1. NEW CHALLENGES-
GS 2- Bilateral, regional and global groupings and agreements involving India and/or affecting India’s interests
Context
With the late night call on Tuesday between Prime Minister Narendra Modi and U.S. President-elect Joseph Biden done, Indian and U.S. officials can begin their formal interactions on the future of bilateral relations.
Listing Out Priorities
(i) The two leaders listed out their priorities, according to separate statements issued by the External Affairs Ministry and the Biden-Harris transition team.
(ii) According to the readouts, the leaders committed to strengthening the Indo-U.S. Comprehensive “Global” Strategic Partnership, and cooperating on global challenges including the COVID-19 pandemic, affordable vaccines, climate change and the Indo-Pacific region.
(iii) Mr. Biden’s readout also included “strengthening democracy at home and abroad”, which was dropped from the MEA version, indicating New Delhi’s discomfort.

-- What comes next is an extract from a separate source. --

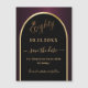 A magnetic Save the Date card for a 80th birthday party. A black and burgundy background, decorated with a faux gold arch. Personalise and add a date and your name. The text: Eighty and Save the Date is written with a large trendy hand lettered style script.

(iv) Critical and recent comments made by Mr. Biden and Vice-President-elect Kamala Harris over J&K, the CAA and actions against NGOs should not make the Modi government shy from engaging with the U.S. on these issues.
(v) Most remarkably, the leaders did not dwell on traditional security issues, global terrorism, conflict regions or even trade, but instead charted areas for Indo-U.S. cooperation that are more in line with their current challenges and indicate Mr. Biden’s own immediate priorities.
(vi) On COVID-19, Mr. Biden and Mr. Modi have their work cut out, given that the U.S. (over 11 million cases) and India (over 8 million cases) remain the top two worst affected countries, and showing daily increases.
(vii) Making affordable vaccines available to their afflicted(harmed) populations will be the immediate challenge.
Economic Recovery
(i) On the need for economic recovery, their projected policies do not appear to be too divergent(different).
(ii) Unveiling his administration’s economic revival policy, Mr. Biden announced a plan to “Buy American”, and to ensure no government contract goes to companies that do not make their products in America.
(iii) The Modi government has already launched its “Atmanirbhar Bharat” programme on similar lines.
(iv) External Affairs Minister of India making it clear that the globalised economy and trading arrangements have been assessed as detrimental(harmful) to India’s manufacturing industry.
(v) On climate change, a decision by the U.S. to re-enter the Paris Accord will be welcomed by India, that is also hoping to promote cooperation on the International Solar Alliance that it co-founded in 2016 with France.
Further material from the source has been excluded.